Report: Mountains grew a foot in Calif. quake
The earthquake, which killed two in Paso Robles, was the biggest in California since 1999.
CNN's Frank Buckley reports on the quake that killed two in California.
Rescue workers search for casualties in a quake-damaged building.
Ross Stein of the U.S. Geological Survey says the quake hit a sparsely populated area.
LOS ANGELES, California (Reuters) -- California's largest earthquake in four years struck on Monday, causing planet Earth to ring "like a bell" and mountains to grow a foot (30 cm) taller, geologists said.
The magnitude 6.5 quake hit near the coastal city of San Simeon almost exactly half way between San Francisco and Los Angeles, setting high-rise buildings swaying in both cities.
Earthquakes relieve pressure between clashing continental plates. The plates float on the earth's mantle, which has a putty like consistency and moves as the earth's core heats it.
On Monday one piece of crust shoved beneath another about 4.75 miles (7.6 km) beneath the surface of the earth and at the intersection of the Pacific and North American plates, U.S. Geological Survey seismologists said
That sent tremors along America's west coast and beyond.
"For an earthquake this size, every single sand grain on the planet dances to the music of those seismic waves," Geological Survey geologist Ross Stein said Monday at a news conference.
"You may not be able to feel them, but the entire planet is rung like a bell."
The Monday earthquake struck on what is believed to be the San Simeon thrust fault. Pressure in a thrust fault is relieved when one piece of earth pushes up on top of another, compared with lateral faults -- like the famous San Andreas -- in which two piece of crust slide next to one another.
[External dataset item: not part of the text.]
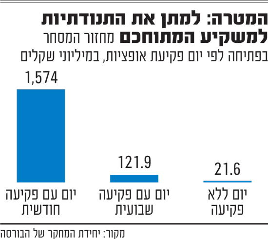 בבורסה מקווים שעם השקת האופציות היומיות, בכל יום יזנק המסחר בפתיחה, ויאפשר גם לגופים גדולים יותר, כמו מוסדיים, להשתתף בו .

Thrust faults produce mountains, and the San Simeon quake probably improved the view from the nearby hills, Stein said because, "mountains have probably been pushed up about a foot or so by this earthquake."
The tremor was the biggest in California since 1999, when the Hector Mine quake crashed through the desert east of Los Angeles, and it packed about half the power of the Northridge earthquake which shook Los Angeles a decade ago.
Earthquake power is measured on a scale which increases exponentially, so at 6.7 the Northridge quake was about twice as powerful as the 6.5-magnitude San Simeon quake.
The Northridge quake was also one of the costliest disasters in U.S. history, causing over $40 billion of damage since it shook a heavily populated area.
Geologists expect smaller aftershocks of magnitude 5 to continue for days, weeks and longer, and there is a 5 percent to 10 percent chance that Monday's quake was a precursor to a bigger one.
The plates have created a patchwork of faults, said Susan Hough, a seismologist at the United States Geological Survey in the Los Angeles suburb of Pasadena.
"The crust is getting mangled over a zone," she said. "As the plates move they are sort of grinding California into ribbons," she said.
Eventually the movement will carve Mexico's Baja California, the peninsula that juts south below San Diego, California, off from the rest of Mexico.
But California is not going anywhere quickly.
From a geological perspective, the area has looked about the same for 5 million years, Hough told Reuters.
"We are not falling into the ocean," she said.